На востоке степь больше чем, где-либо изрезана пологими и крутыми балками, во влажных глубинах которых били студёные ключи, растекавшиеся по всему руслу, наполнив его этакими болотистыми топями. Если ветер дул с востока, то из балок к посёлку и колхозному двору веяло родниковой свежестью, настоянной на иле и кисловато-терпком репейнике. Солнце палило так нещадно, что становилось нестерпимо работать не только на полях, но и на току, где от жаркого пекла можно было спрятаться только в тени молодых акаций и тополей, или в прохладном каменном зернохранилище.

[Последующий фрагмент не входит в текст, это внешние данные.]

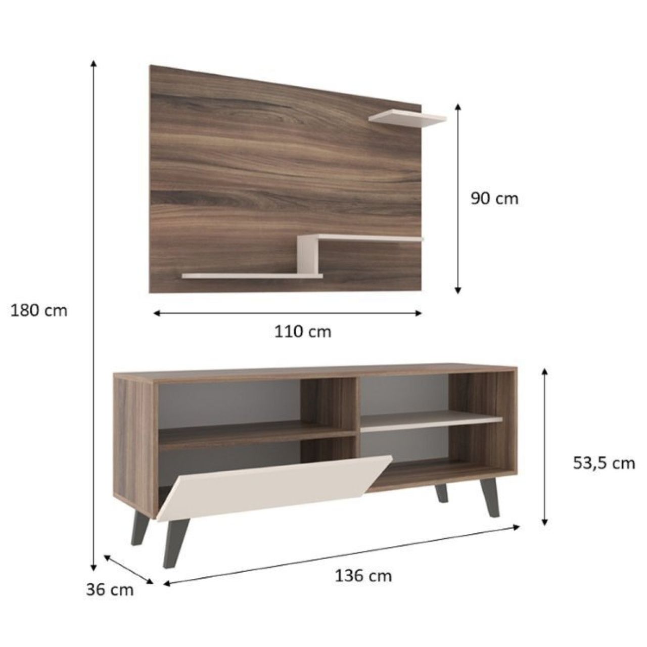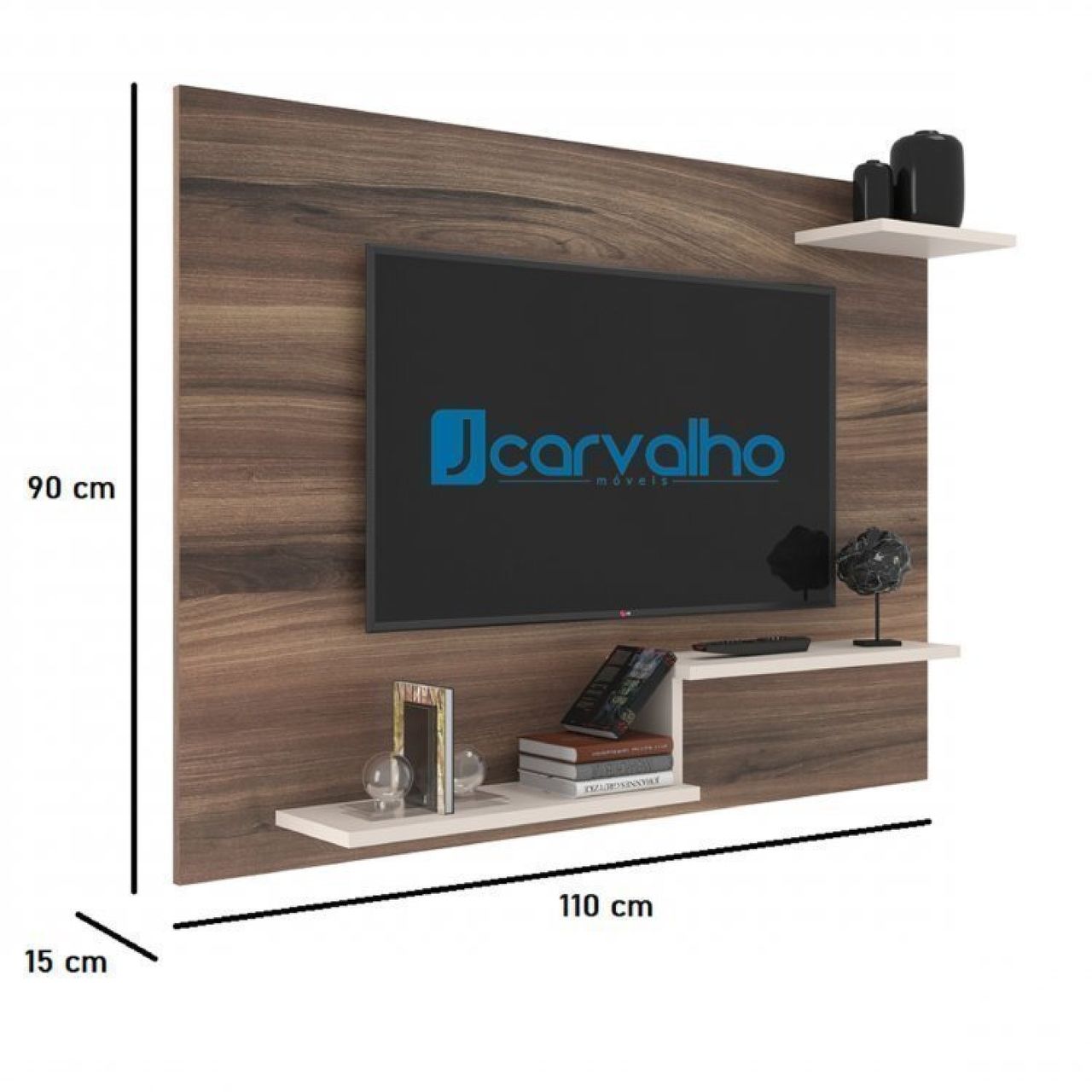 Painel Denver Suporta Uma Tv Até 42" Na Cor Nogueira Com As Prateleira Na Cor Off White, Tem A Sua Altura 90 Cm, Comprimento De 110 Centímetros E 15 Cm De Profundidade Com Prateleira De 15 Mm. Painel Compacto Perfeito Para Ambientes Pequenos.

Xорошо, что на току было достаточно воды от протянутой несколько лет назад городской линии водопровода, позволившей установить на каменных столбах металлический объёмный резервуар для подвоза воды на фермы и свинарник, птичник и кошару. А молодёжь набирала в вёдра из колонки охладительную влагу и прямо тут же обливалась, спасаясь от нестерпимого зноя, тогда как работающим на полях бабам и мужикам приходилось терпеть жару, пока подвезёт воду дед Пантелей в деревянной бочке, поставленной на бричку…
Глава 13
За последние годы заметно постарел Семён Полосухин. Некогда его тёмно-русая, густая борода засеребрилась клоками седины. Теперь он реже её подстригал, отчего она, естественно, становилась длинней и кудластей.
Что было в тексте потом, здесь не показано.